A most remarkable feature of the Atlantic salmon louse is its ability to neutralize practically all immune responses by its host, the Atlantic salmon. Except for some very limited local reaction, the louse is barely visible to the immune system. What may be the result of millions of years of co-evolution and a molecular arms-race between parasite and host has resulted in some sort of armistice in favor of tolerating the parasite. How, and even if, the salmon louse actively gains the upper hand is not well understood. More and more evidence points into the direction that parasites can suppress, or “modulate”, the immune system of their host by excreted proteins or other compounds.
Prostaglandins are lipid compounds that have functions akin to hormones and are found in most animals, including the salmon louse. When they were first discovered in 1935, it was believed that they were exclusively secreted by the human prostate, and hence the name. Prostaglandins are expressed in many different tissues and have different roles in e.g. vasodilation and inflammation.

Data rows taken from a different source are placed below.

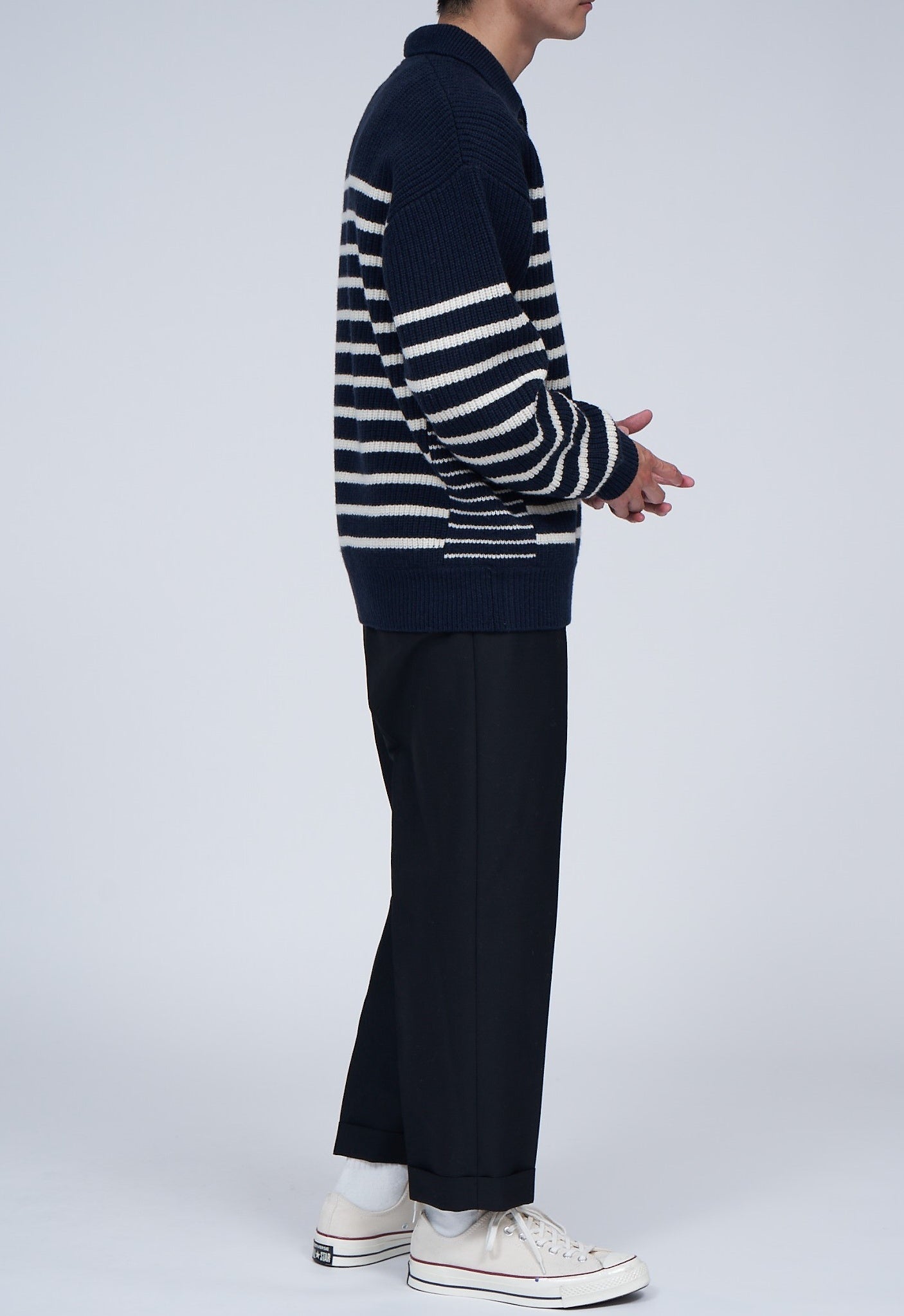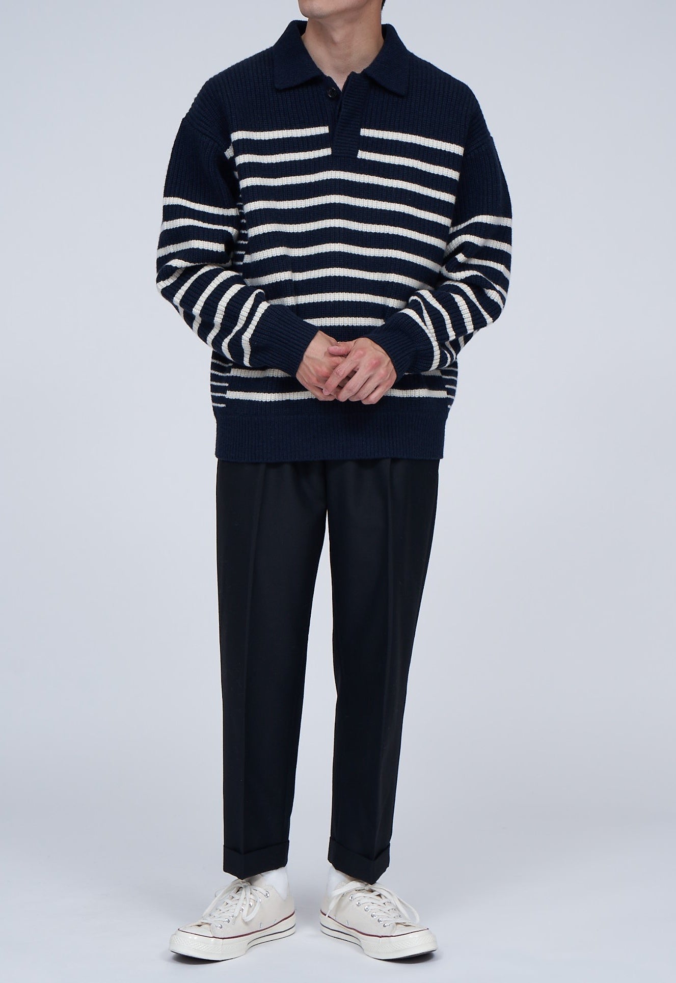 ANNUAL STRIPED POLO SWEATER [UNISEX]
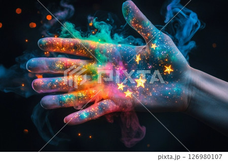Hands filled with colorful sparkles and swirling smoke create an enchanting visual effect in a dark setting
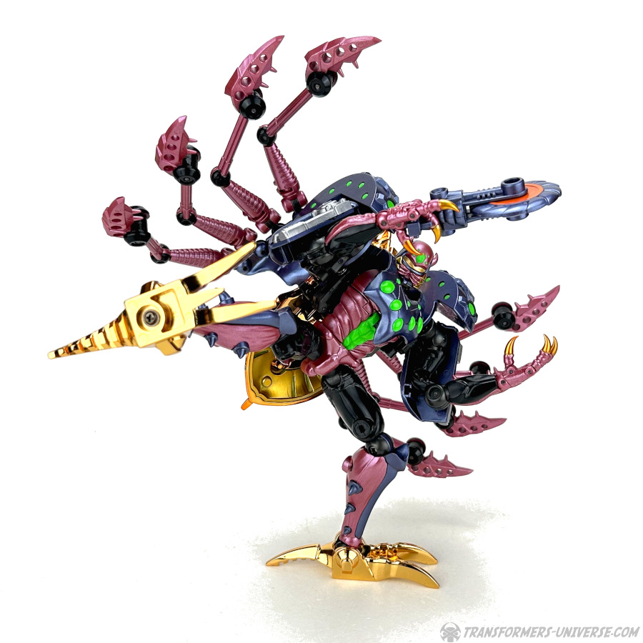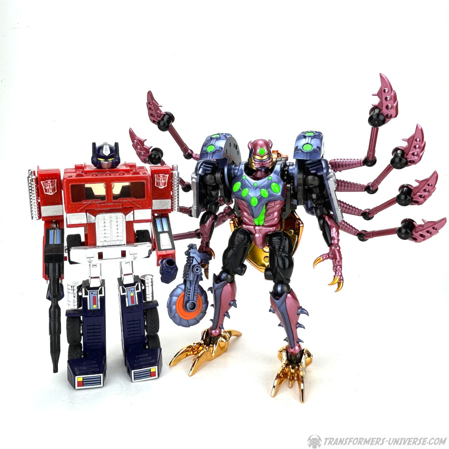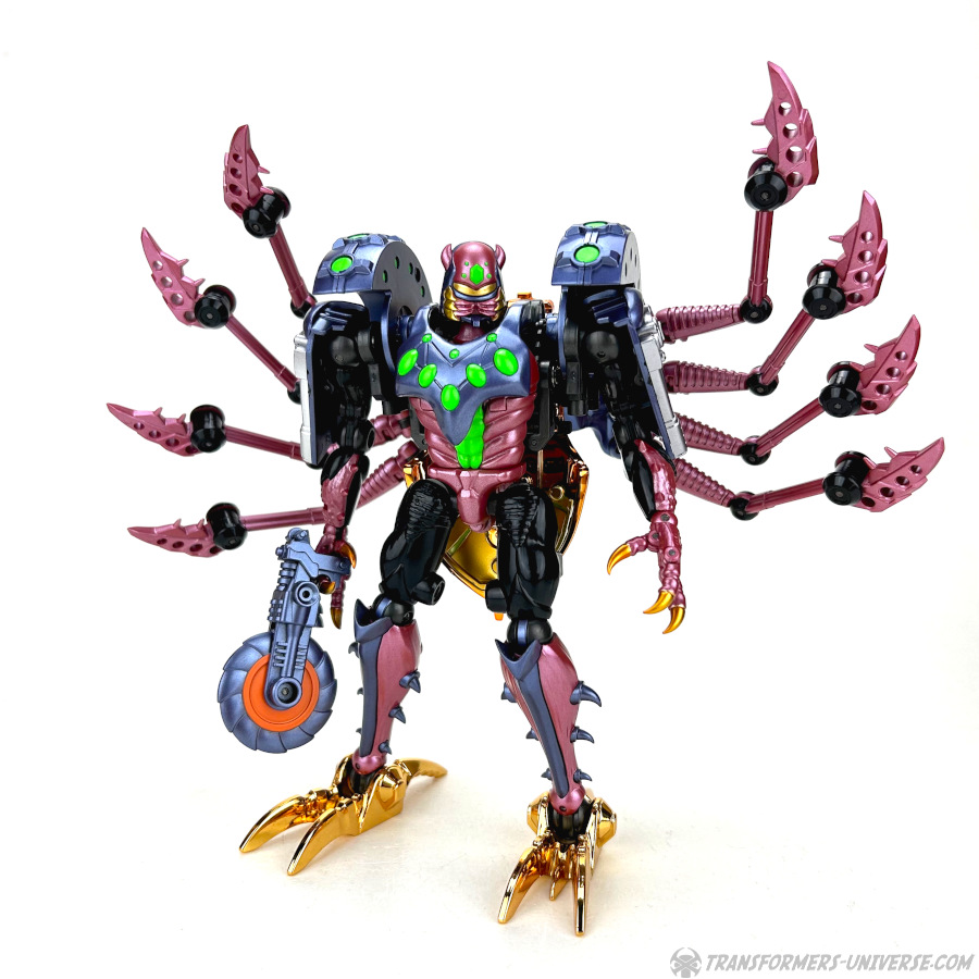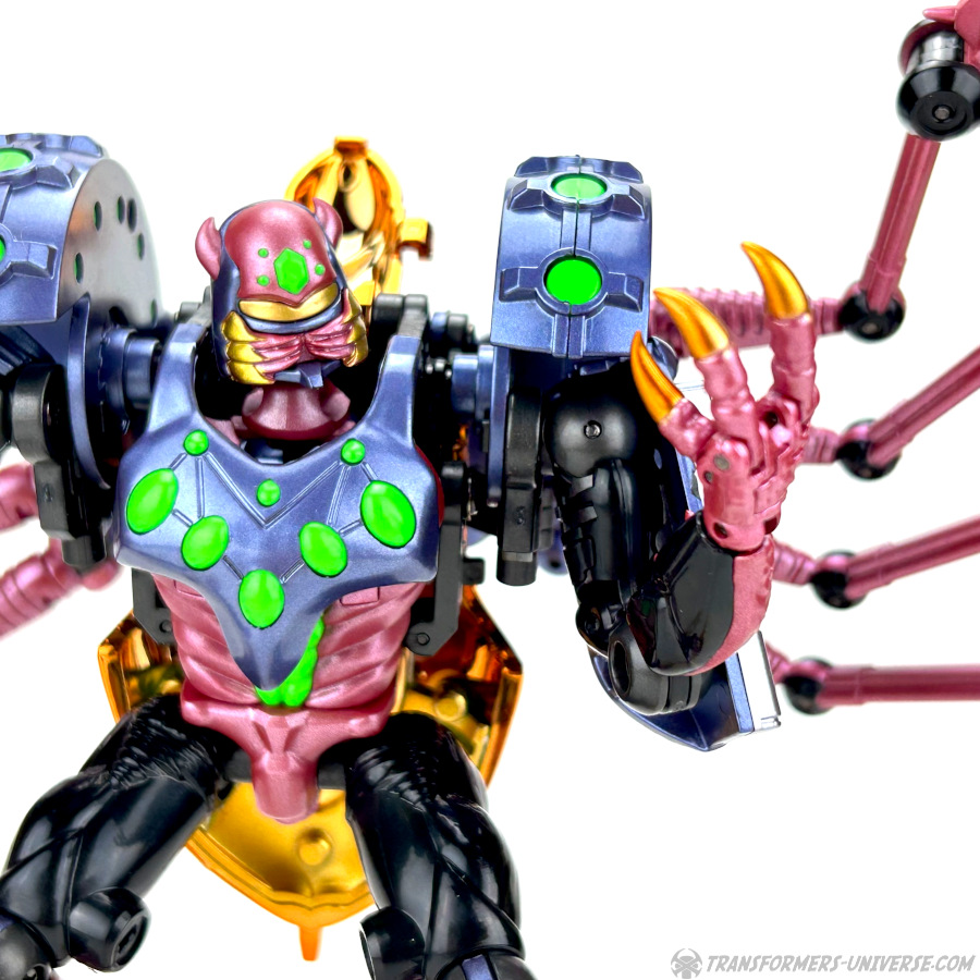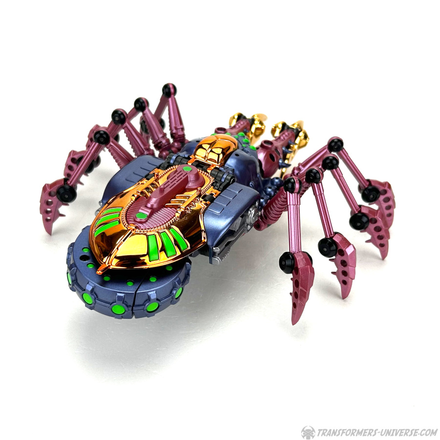 Remarks: Tarantulas was among the original crew of the Darksyde, the ship that Predacon Megatron commandeered to travel through time back to ancient Earth. He was far from a loyal follower, though, but rather a member of the Predacon Secret Police and his job was... well, it wasn’t one hundred percent clear, but Tarantulas attempted to alter history by killing both the original Megatron and Optimus Prime aboard the Ark in order to alter history, so at the very least he was quite ambitious. In the end his own ambition doomed him, as his attempt to harness the power of the alien Vok destroyed him.

For some time now, an idea about prostaglandin E2 (PGE2), a subtype of prostaglandins found in the salmon louse, has been discussed at sea lice meetings and conferences. It is believed that the salmon louse can produce PGE2 as it is released into sea water when stimulated with dopamine . When salmon cells are treated with PGE2 it is recognized by a receptor and the cells respond in a certain way depending on the concentration of PGE2 . Also, other arthropods, like ticks, have a similar trick and inject prostaglandins into their host while sucking blood . Therefore, the salmon louse may do the same and suppress the immune system by injecting PGE2 into the salmon.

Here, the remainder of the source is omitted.